Total memory per GPU:

Component Memory
Static (ZeRO-3) 6.5 GB
Activations (TP=4, checkpointing) ~113 GB
Temporary buffers ~5 GB
Total ~125 GB

This does not fit in 80 GB. Even with ZeRO-3 nearly eliminating static memory, the activation memory at this batch/sequence combination dominates. You'd need more TP/PP, smaller batch/sequence, or more aggressive recompute (e.g., full recomputation would reduce activation memory to ~4 × 8.1 = 32 GB, bringing the total to ~44 GB—which does fit).

  1. A training run achieves 150K tokens/s on 64 H100s for a 7B model. Calculate the MFU.
Solution

FLOPs per token:

\[F_{token} = 6\Psi = 6 \times 7 \times 10^9 = 42 \times 10^9 \text{ FLOPs/token}\]

Achieved FLOPs/s:

\[F_{achieved} = 42 \times 10^9 \times 150 \times 10^3 = 6.3 \times 10^{15} \text{ FLOP/s} = 6,300 \text{ TFLOP/s}\]

Peak FLOPs/s (64 H100s):

\[F_{peak} = 64 \times 989 \text{ TFLOP/s} = 63,296 \text{ TFLOP/s}\]

MFU:

\[\text{MFU} = \frac{6,300}{63,296} = \boxed{9.95\% \approx 10\%}\]

Analysis: This is a very low MFU, indicating significant inefficiency. Possible causes:

Issue Likely Impact
Small batch size Underutilized compute
Excessive pipeline bubbles Idle time between stages
Unoptimized kernels Low SM utilization
Communication not overlapped GPUs waiting for network

Expected MFU for well-optimized 7B training: 40-50%

At 45% MFU, expected throughput would be:

\[\text{tokens/s} = \frac{0.45 \times 63,296 \times 10^{12}}{42 \times 10^9} \approx 0.68\text{M tokens/s}\]

The observed 150K is only 11% of this potential.

  1. You need to train a 30B model in 30 days on a budget of USD 2M. Estimate the minimum number of H100s required (at USD 4/hr) and the required MFU to meet the timeline.
Solution

Budget constraint:

\[\text{Max GPU-hours} = \frac{\$2,000,000}{\$4/\text{hr}} = 500,000 \text{ GPU-hours}\]

Time constraint:

\[T_{max} = 30 \text{ days} = 720 \text{ hours}\]

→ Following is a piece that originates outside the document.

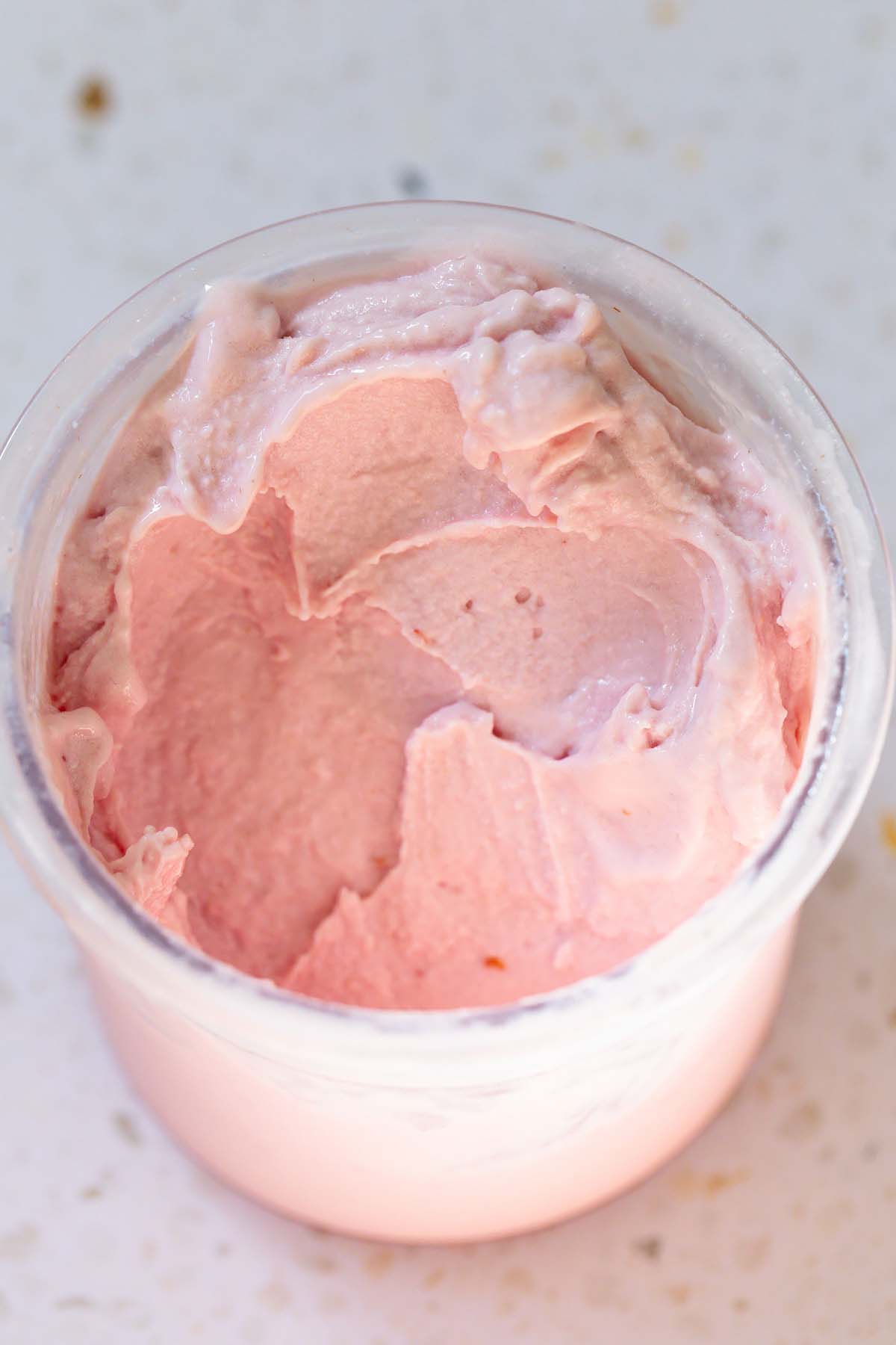 - Highly recommend running warm/hot water along the outside of your Creami container before processing. This will allow the outer layer to thaw and get properly incorporated when the ice cream spins.

GPU constraint from budget:

\[P_{max} = \frac{500,000}{720} \approx 694 \text{ GPUs}\]

Round to practical value: P = 640 GPUs (or 512 for power-of-2)

Training FLOPs (assuming Chinchilla-optimal 600B tokens):

\[F_{total} = 6 \times 30 \times 10^9 \times 600 \times 10^9 = 1.08 \times 10^{23} \text{ FLOPs}\]

Required throughput:

\[F_{required} = \frac{1.08 \times 10^{23}}{720 \times 3600} = 4.17 \times 10^{16} \text{ FLOP/s}\]

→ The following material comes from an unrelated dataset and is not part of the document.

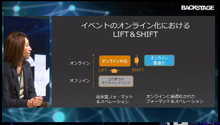 いままでのオンラインイベントをオンラインに対応していくLIFTが多い昨今、本来はSHIFT(最適化)をしなければならないのでは、という小島さんからの問いかけに対し、鈴木さんは、「6月頃まではオフラインでやっていたものをオンライン化しても目新しさがあったが、今は”ながら聞き”の人もいるので、そういう方々にコンテンツをどう届けるかを考えなければいけない」と話します。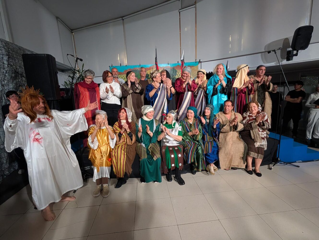 El elenco de actores ha dado vida a personajes como los doce apóstoles, Barrabás, Jesús, María, María Magdalena, un ángel, el Cireneo, el sumo sacerdote y Poncio Pilato, además de las voces de dos narradores. El vestuario ha sido confeccionado por Tomasa Benito, una socia voluntaria con amplia experiencia en la creación de trajes para teatro y compañías de danza que ha trabajado para firmas de prestigio como Cornejo o Tamayo, entre otras. La Unidad Distrital de Colaboración de Centro Arcópoli se ha encargado de la elaboración de los decorados y la coral Voces del Barrio ha puesto música a la representación. /

Peak throughput with 640 H100s:

\[F_{peak} = 640 \times 989 \times 10^{12} = 6.33 \times 10^{17} \text{ FLOP/s}\]

Required MFU:

\[\text{MFU}_{required} = \frac{4.17 \times 10^{16}}{6.33 \times 10^{17}} = \boxed{6.6\%}\]

Conclusion: This is easily achievable—well-optimized runs achieve 40-50% MFU.

Alternative: Train for more tokens (2T)

\[F_{total}^{2T} = 6 \times 30 \times 10^9 \times 2 \times 10^{12} = 3.6 \times 10^{23} \text{ FLOPs}\]
\[\text{MFU}_{required}^{2T} = \frac{3.6 \times 10^{23} / (720 \times 3600)}{6.33 \times 10^{17}} = 22\%\]

Still very achievable with standard optimization.

Summary:

Scenario Tokens GPUs Required MFU
Chinchilla (600B) 600B 640 6.6%
Extended (2T) 2T 640 22%
Budget-limited 2T 512 ~28%

Key Takeaways

  1. Estimation is a first-class skill: rough numbers prevent impossible plans.
  2. Budget, time, and MFU are interchangeable: any two determine the third.
  3. Always sanity-check against hardware limits: peak FLOPs and memory ceilings bound every plan.